BRIEF:
Among the lines below, keep only those from the one containing "있다. 사진제공=수원삼성 |" through the one containing "버터가 잘 녹으면 채썬 양파를 넣고 색이 살짝 변할때까지", and reproduce them exactly.

DATA IN THIS EXERCISE:
◆ ◆ ◆ ◆ ◆
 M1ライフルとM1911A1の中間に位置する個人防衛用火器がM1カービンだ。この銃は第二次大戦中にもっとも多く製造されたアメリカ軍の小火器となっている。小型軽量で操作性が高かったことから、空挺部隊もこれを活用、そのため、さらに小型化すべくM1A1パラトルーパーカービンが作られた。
◆ ◆ ◆ ◆ ◆
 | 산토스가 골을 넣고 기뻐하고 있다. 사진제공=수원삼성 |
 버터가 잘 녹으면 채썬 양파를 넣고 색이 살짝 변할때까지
◆ ◆ ◆ ◆ ◆
COMPLETED EXERCISE:
 | 산토스가 골을 넣고 기뻐하고 있다. 사진제공=수원삼성 |
 버터가 잘 녹으면 채썬 양파를 넣고 색이 살짝 변할때까지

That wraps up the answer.